Curiosity Rear Hazard Avoidance Camera Right B photo acquired on Sol 3019, February 2, 2021.
Credit: NASA/JPL-Caltech

“The target was a little tough to pick in order to avoid some discolored areas and the veins and try to get a good representation of the bedrock itself,” Stroupe adds.

After the robot’s arm is stowed, the plan is for the rover to take several targeted science observations, including a Chemistry and Camera (ChemCam) Remote Micro-Imager (RMI) mosaic of the sulfate unit and a large Mastcam mosaic of the contact with the sulfate unit.

Minimize wheel wear

“We are also doing some environment observations,” Stroupe says, “including a crater rim extinction and a long dust devil movie.”

The rover’s drive in the plan is aimed at parking just before it transitions out of the fractured intermediate unit (and before entering the fractured rubbly unit).

“Once we get back into the rubbly unit,” Stroupe points out, “the driving will get a little bit tougher for the Rover Planners, because there are a lot more small and medium sized rocks that we’ll need to avoid to minimize wheel wear.”

Curiosity Mast Camera Left image taken on Sol 3018, February 1, 2021.
Credit: NASA/JPL-Caltech/MSSS

Short drive

A short drive of about 82 feet (25 meters) of the rover puts the Mars machinery in terrain that is flat and clear of major hazards. “The plan is to park where we can do one last contact science observation of this unit before leaving it behind,” Stroupe adds.

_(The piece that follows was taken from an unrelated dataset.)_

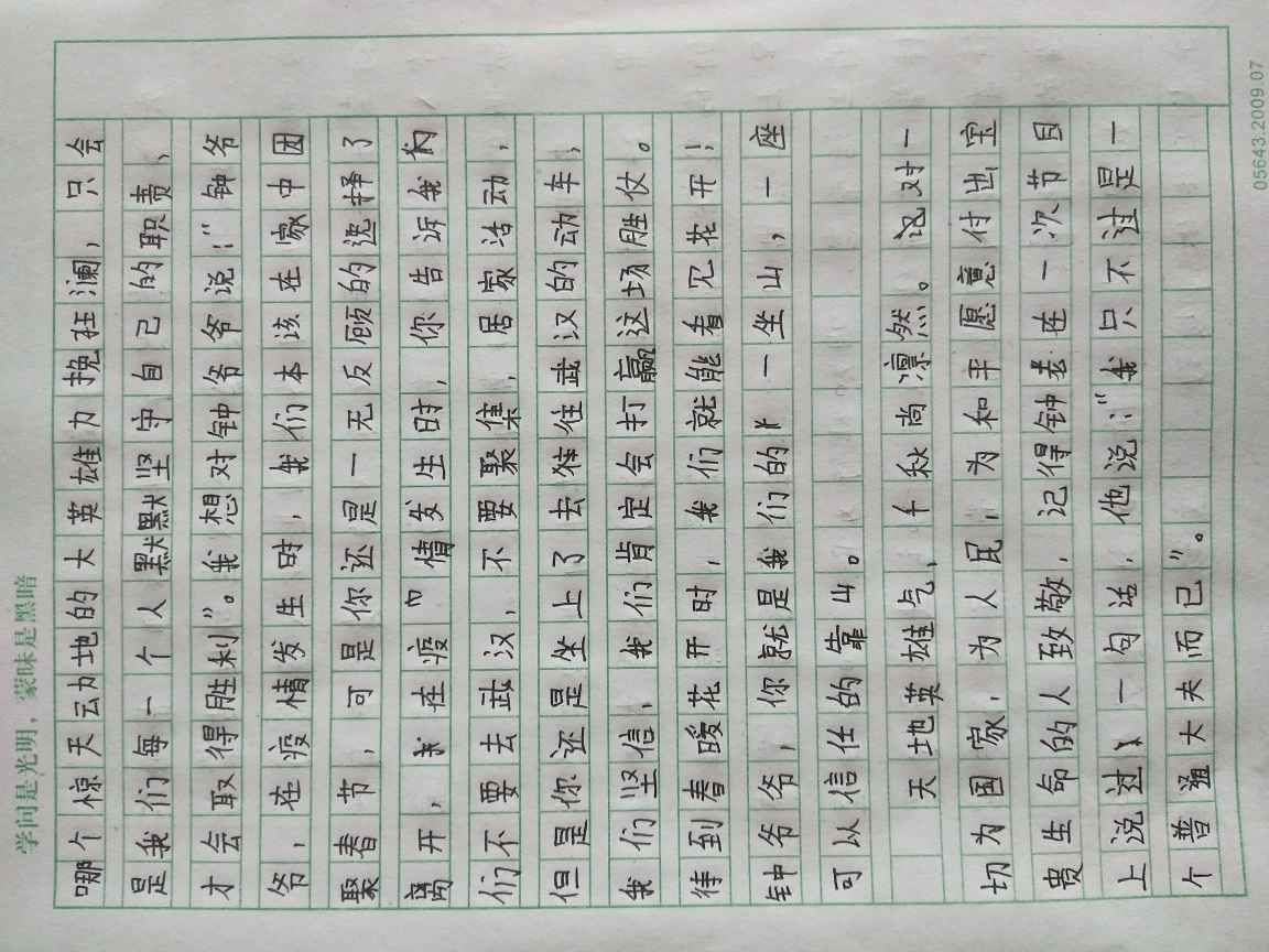 版权说明: A类权限 我谨保证我是此作品的著作权人,并且此作品系首发于郑州教育信息网作文博览频道。我同意郑州教育信息网作文博览频道作为此作品版权的独占代理人。在撤销本委托之前,我不再将此作品投给其他媒体,有关此作品发表和转载等任何事宜,由郑州教育信息网作文博览频道全权负责。未经郑州教育信息网作文博览频道转授权,其他媒体一律不得转载。 |

“We are taking advantage of the short distance of the drive and the arm will be unstowed at the parking location. We’ll be taking extra workspace and drive direction imaging at this location as our last look at the unit,” Stroupe reports.

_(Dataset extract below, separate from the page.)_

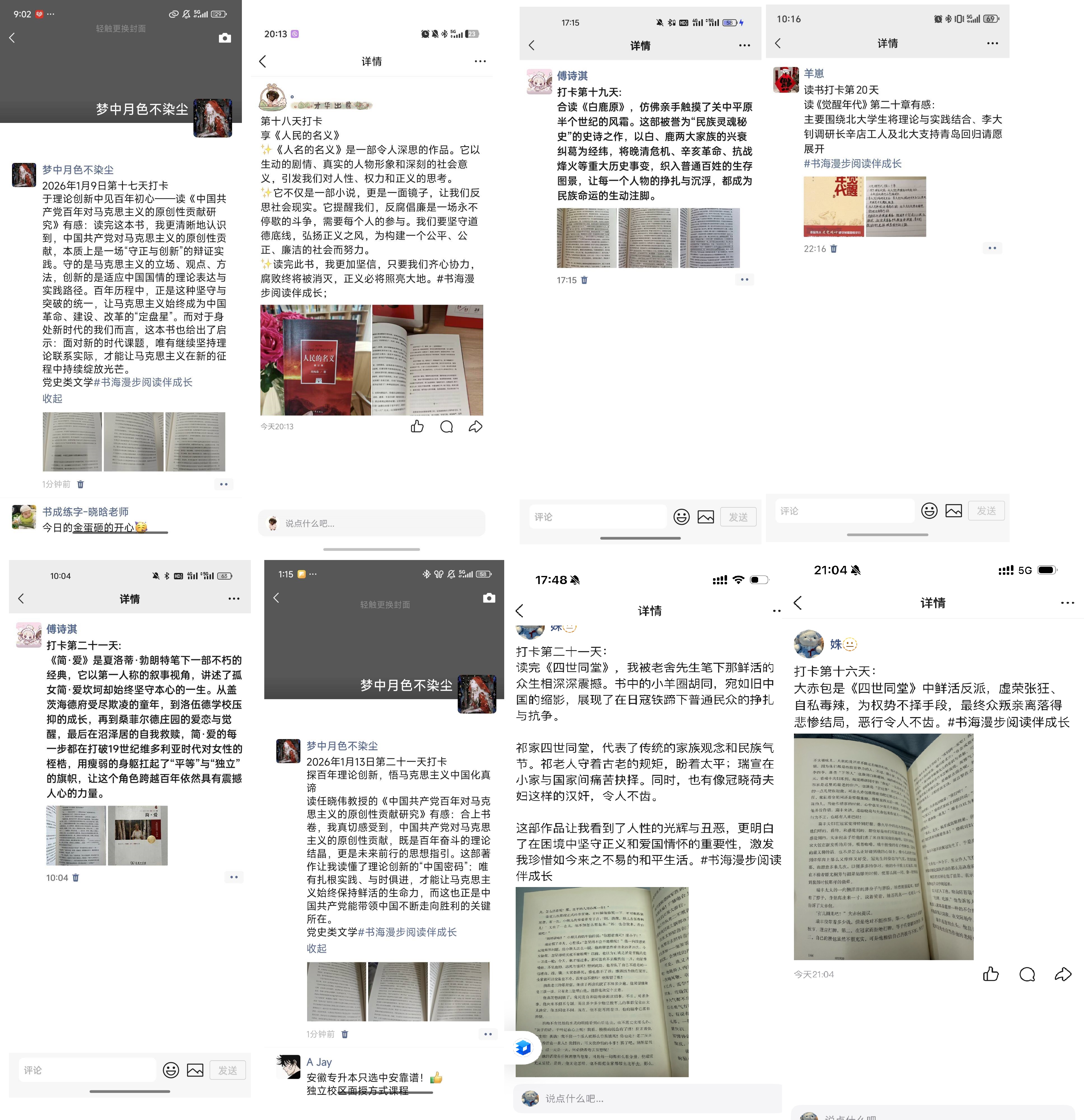 活动期间,同学们踊跃参与,通过线上平台分享每日阅读的打卡照片与心得感悟,形成了浓厚的读书氛围。同学们在打卡过程中,不仅记录了阅读的点滴,还互相交流读书心得,分享阅读乐趣,展现出对知识的渴望与对阅读的热情。
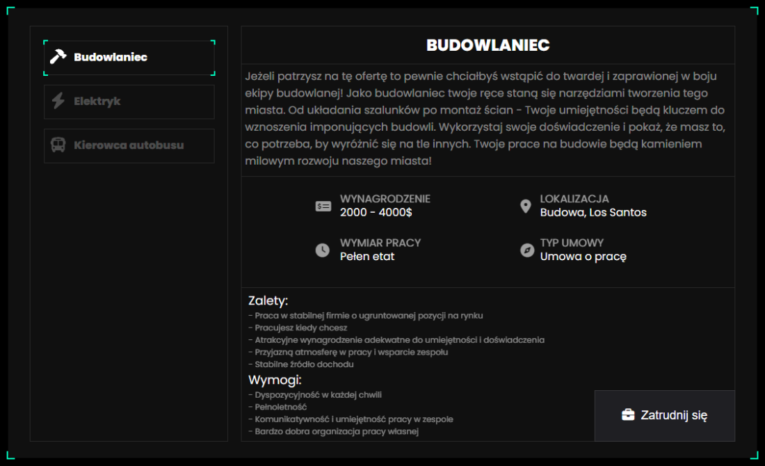 Wygląd tego urzędu pracy był projektowany od zera na mój serwer, jest to autorskie UI urzędu z własnoręcznie napisanym front-end'em oraz całym back-end'em.

Curiosity Mast Camera Right photo acquired on Sol 3018, February 1, 2021.
Credit: NASA/JPL-Caltech/MSSS

Environmental observations

On the second sol of the plan, Sol 3021, the robot will carry out more of the standard environmental observations, including another dust devil movie and a suprahorizon movie with navcam in the morning, and a long Mastcam sky survey and solar tau in the afternoon.

 

 

“We’re also throwing in a late-afternoon Navcam optics monitoring activity to help us track the dust on the cameras,” Stroupe concludes.